First off, I’ll apologize for being rude and insulting, but to your credit your manifesto certainly got a rise out of me. I don’t know if I’d be able to share a definitive or correct discourse on either –ism because I suspect there isn’t one, and they seem to be progressive rather than oppositional, nor do I have perfect understanding of your manifesto. Nor can I be there tonight to answer to you.

But I will admit that my strong reaction really comes from the fact that I love all the same films that you do and have the same feelings about them and making films (I’m a super-8 shooter too) and was horrified to see what I love and do pinned down into a manifesto of “shoulds.” I come from experimental film, not feature film, and the modalities described as Remodernism (in particular “boredom”) I discovered years ago in structuralist films by, besides Warhol and Mekas, Benning, Snow, Frampton, Ackermann, Mencken, Schneeman, Brakhage, Gehr, Jacobs, Jarman, and others — and many others who have followed, employing in particular the long take and real time.

Structuralist film was important politically for the same reason Postmodernism was in all forms – it brought awareness to the way whatever medium conditions meaning. Film has powerful propagandistic qualities and one way to become awake as to how film is working on us, rather than be its tool, is by using the long take, imperfections, jump cuts, and other convention-breaking strategies.

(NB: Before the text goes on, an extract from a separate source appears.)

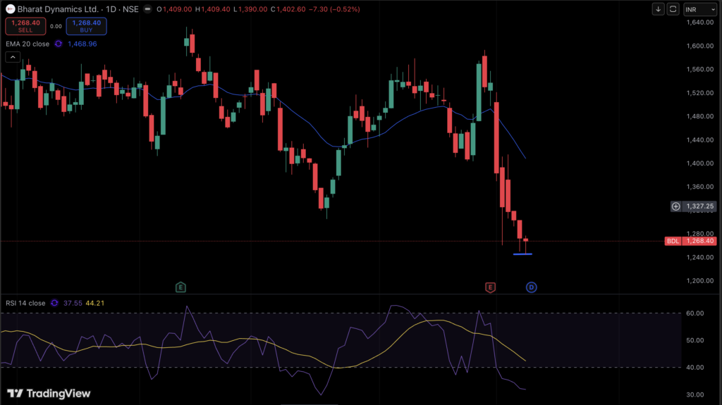 BDL (CMP ₹1,268) appears poised for an upward move toward ₹1,320 and ₹1,400, backed by solid technical and fundamental strength. Technically, the RSI suggests the stock is emerging from oversold territory. It has also delivered a clear 20-EMA breakout, indicating a positive trend reversal. Price action reflects strong support at lower levels, while healthy volumes confirm buying interest. Fundamentally, the company shows stable earnings, robust margins, and a strong product pipeline across key global markets. Consistent growth and financial stability reinforce the probability of further upside toward the stated targets.

From my understanding, the long shot — looking at something for a long time — is originally Postmodern in intention because it calls attention to the conventions of the “right” or “wrong” construction of film, yet may be what you, we, experience as the “spiritual” because the experience is, finally, not theoretical. It’s the experience of a human looking at a world rendered in images in time. And it seems that that's what hasn't been accounted for.

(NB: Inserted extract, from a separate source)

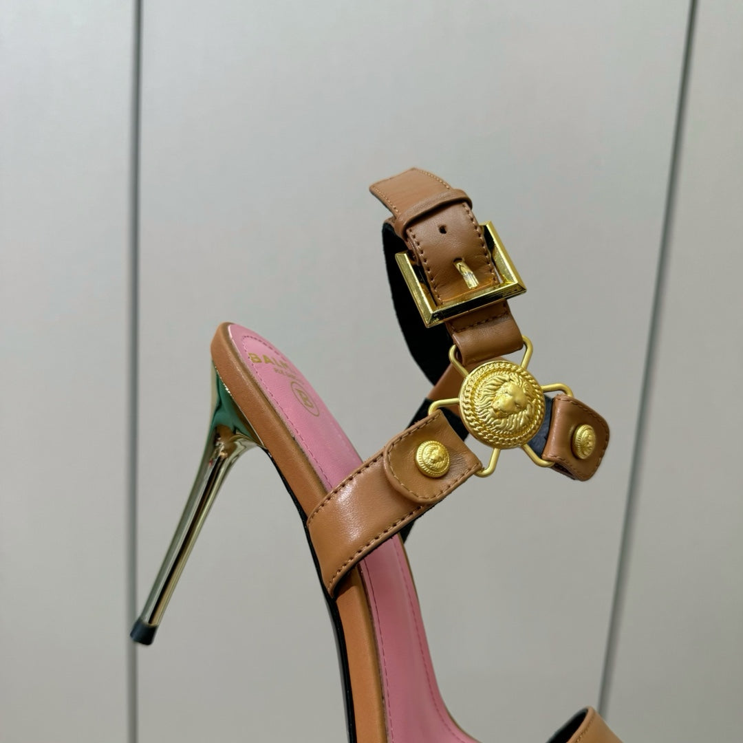 BALMAIN 25S HEELED EVA SANDALS 95MM IN BROWN AND PINK CALFSKIN

Thanks Dana for the critical, thoughtful analysis of the manifesto. I hope that you will take the time to share your proper understanding of both modernism and post-modernism with the class.

Los Angles Times article on Bela Tarr and Laszlo Krasznahorkai,0,49...

Nice article, John. I really enjoyed your thoughtfulness and thoroughness.

This "Remodernism" manifesto is idiotic. It misunderstands both Modernism and PostModernism. Born of the righteous Stuckists, who assert that the only true art is figurative painting and then protest the exclusivity of mainstream exhibitions. They remind me of the tea party governor who wants to ban bilingual education because "English was good enough for Jesus."

Most irksome is Jesse Richards' annexation of any film old or new as Remodernist because it contains some moment of stillness or reflection or simply looking, which he blankly deems "spiritual" because he lacks the depth to examine poetics. Homer Simson advises Lisa to remember that "anything hard isn't worth doing." Like thinking, apparently.

Hi, I was curious if I could get the readings for tomorrow's class? thanks!

Gus Van Sant's "Elephant" is mentioned in the "The New Personal Cinema: From Lyrical Film to Remodernism" by Jack Sargeant (pdf 3).

Here is a link to my essay on the film, published in Jumpcut in 2005.
It is long and has color stills.

Hi, I haven't been able join earlier to classes but would love to come for this next (and last?) if it's OK!

OK, I'm sending out the remodernist stuff. READ IT!!!!!!!!! The next class will be a combo of remodernist and no wave!!!!

hey john, I'd hold off. Though the book is an award winner!